I am using <regex> from Visal Studio 2010. I understand that when I create a regular expression object, it compiles. There is no compilation method like in other languages โ€‹โ€‹and libraries, but I think how it works, am I right?

I need to store a large number of these compiled regular expressions in a file, so I just get a piece of memory block and get a compiled regular expression.

I canโ€™t figure out how to do this. I found that in PCRE this is possible , but it is a Linux library. There is Windows [version 2 , but it is 3 years old, and I would like to use a higher-level approach (there is no C ++ shell in the Windows version).

So is it possible to use save std:regex or boost::regex (is it the same?) As a piece of memory, and then just reuse it later?

Or is there another simple library for Windows that allows this?

EDIT: Thanks for the great answers.
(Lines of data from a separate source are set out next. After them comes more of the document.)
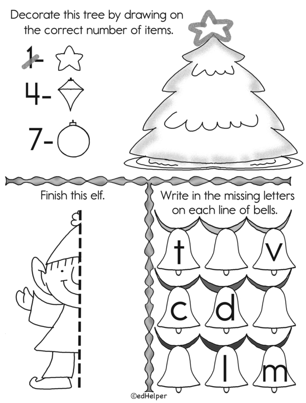 Get ready for some fun with 123s and ABCs! First, roll two dice, draw what you get, and write the total. Then, on page 2, follow the directions to decorate a tree, complete the elf, and fill in the missing letters.
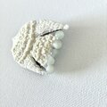 やさしいやさしいアイボリー色の鳥 羊の手紡ぎ糸を使った刺繍ブローチ
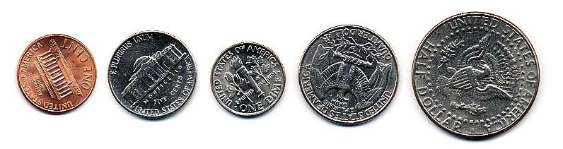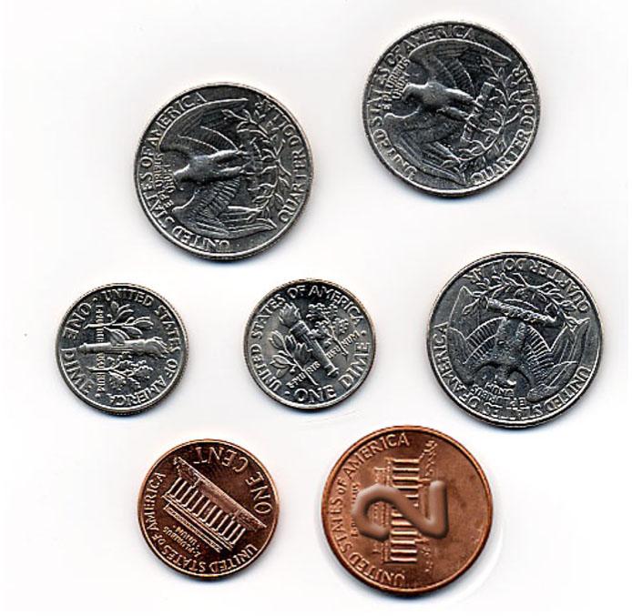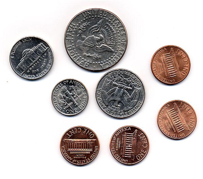The U.S. has five basic coin denominations: 1, 5, 10, 25, and 50 cents. With these, the worst-case payment is eight coins. For example, 94¢ or 99¢ requires eight coins.

I will just check if it is enough to just store the regular expression as a string, and then if it is slow, I will test and compare it with this old PCRE library.

+2
c ++ regex serialization visual-c ++ boost-regex
source share
3 answers

I do not think that this can be done without changing the boost library to support it.

I donโ€™t know how the regex boost library is implemented, but most regex libraries compile things into a binary block, which is then interpreted later as a sequence of instructions for a kind of limited virtual machine.

If the extended regular expression library is implemented in this way, serializing it will be relatively simple. Just somehow get into the binary block and unload it to disk. The existence of the POSIX regex API for the acceleration library tells me that this is probably the way it is implemented.

OTOH, another way to implement it (and a less common way) is to create something like an abstract syntax tree for regular expression. This means that the individual parts of the regular expression will be represented by their own objects, and these objects will be connected to each other in a larger structure that would represent the entire regular expression.

If boost does it this way, serialization will be very difficult.

This is not possible for C ++, but I really wanted boost to be able to compile regular expressions of the constant string at compile time with the template metaprogram. The reason for this is impossible because it is not possible to iterate the contents of a string (even a constant string) using a template.

+1
source share

You can use regular expression strings yourself as "serialized" regular expressions - just save them to a file, and then when you want to restore regex objects, just pass the saved strings to the regex constructor.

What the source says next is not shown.